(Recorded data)
+ + +
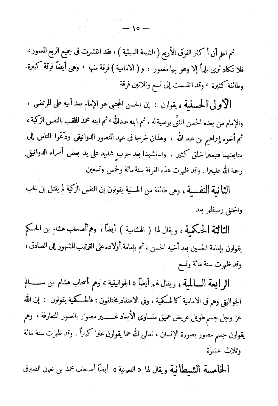 ثم اعلم أن أكثر الفرق الأربع الشيعة السبية، فقد انتشرت في جميع الربع المعمور، فلا تكاد ترى بلدا إلا وهو بها مغمور، والإمامية فرقة منها، وهي أيضا فرقة كبيرة وطائفة كثيرة، وقد انقسمت إلى تسع وثلاثين فرقة.
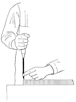 To gauge a line parallel to the edge of a block hold the tool firmly, with thumb and forefinger encircling gauge block. Tip the tool away from you until the marking point (spur) barely touches the wood and push the tool away from (never toward) you. The line made should be as fine as a knife line. A little practice is needed to give the proper control, as the marking point tends to follow the grain of the wood, which is usually not straight.
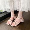 Mode Damen Sandalen Sommer Neu Quadratischer Absatz Hohe Schuhe Mode Römische Sandalen Schwarz und Weiß Zehenfrei Damen Hausschuhe Damenschuhe
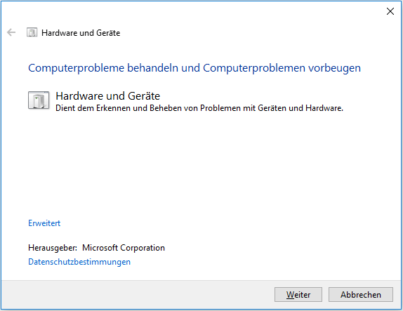 Lösung 8: Problembehandlung für den Wechseldatenträger über „Hardware und Geräte“ ausführen
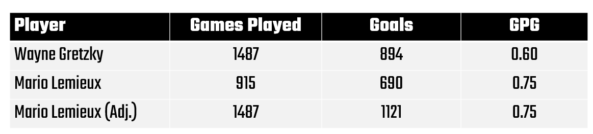 Interestingly, if Lemieux had played those years, you can see that the arc of his career would have taken a much different shape – one that both puts him ahead for scoring goals and with a significant delta as compared to Gretzky.
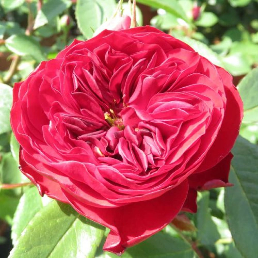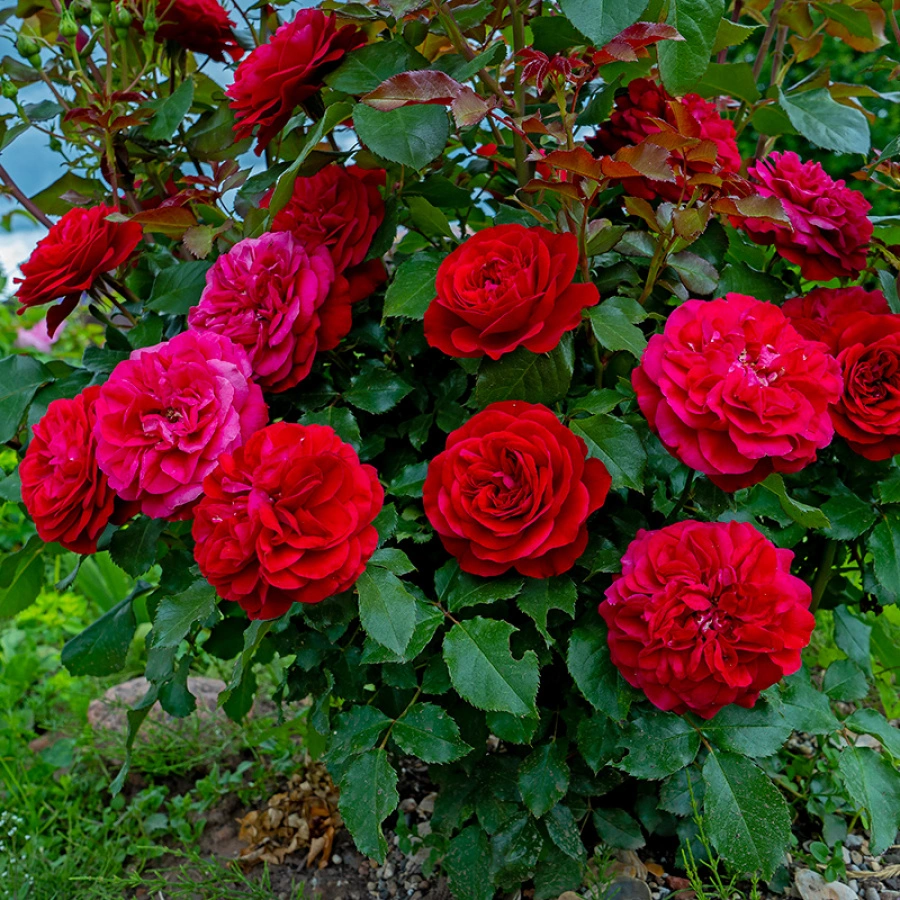 Бутоны бокаловидные, цветки розетковидные, диаметром 10-12 см, густомахровые, число лепестков 80-85, в центре квадратированные. Цветки ярко-красные, растут на ветке по 3-5 шт. В конце августа и осенью лепестки приобретают темные винные оттенки. Аромат нежный, вечером и в жару становится сильнее.
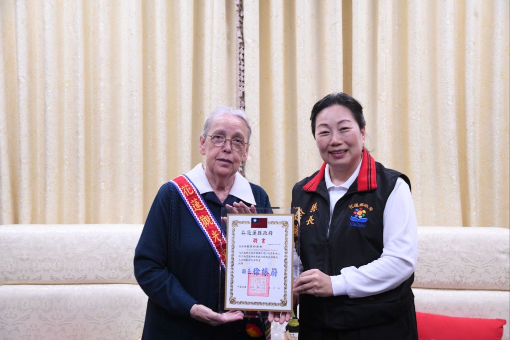 花蓮畢士大教養院前任董事長德國籍宣教士顧美玲昨(6)日拜會花蓮縣政府,縣長徐榛蔚特別授證宣教士顧美玲為「花蓮觀光文化推廣大使」,一起攜手為推動花蓮觀光努力,歡迎來自各地的國際友人蒞臨花蓮,展現花蓮溫暖、友善的城市魅力。
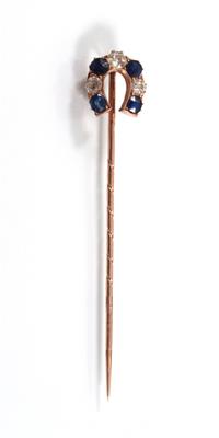 Gold 580, Altschliffbrillanten zus. ca. 0,60 ct, Saphire, österr. Amtspunze 1872-1922, 3,3 g
+ + +
_Task description_.
Reproduce exactly and only the lines from the "Mode Damen Sandalen" line to the last line of the records above. Do not carry over any pictures.

_Solved exercise_.
 Mode Damen Sandalen Sommer Neu Quadratischer Absatz Hohe Schuhe Mode Römische Sandalen Schwarz und Weiß Zehenfrei Damen Hausschuhe Damenschuhe
 Lösung 8: Problembehandlung für den Wechseldatenträger über „Hardware und Geräte“ ausführen
 Interestingly, if Lemieux had played those years, you can see that the arc of his career would have taken a much different shape – one that both puts him ahead for scoring goals and with a significant delta as compared to Gretzky.
 Бутоны бокаловидные, цветки розетковидные, диаметром 10-12 см, густомахровые, число лепестков 80-85, в центре квадратированные. Цветки ярко-красные, растут на ветке по 3-5 шт. В конце августа и осенью лепестки приобретают темные винные оттенки. Аромат нежный, вечером и в жару становится сильнее.
 花蓮畢士大教養院前任董事長德國籍宣教士顧美玲昨(6)日拜會花蓮縣政府,縣長徐榛蔚特別授證宣教士顧美玲為「花蓮觀光文化推廣大使」,一起攜手為推動花蓮觀光努力,歡迎來自各地的國際友人蒞臨花蓮,展現花蓮溫暖、友善的城市魅力。
 Gold 580, Altschliffbrillanten zus. ca. 0,60 ct, Saphire, österr. Amtspunze 1872-1922, 3,3 g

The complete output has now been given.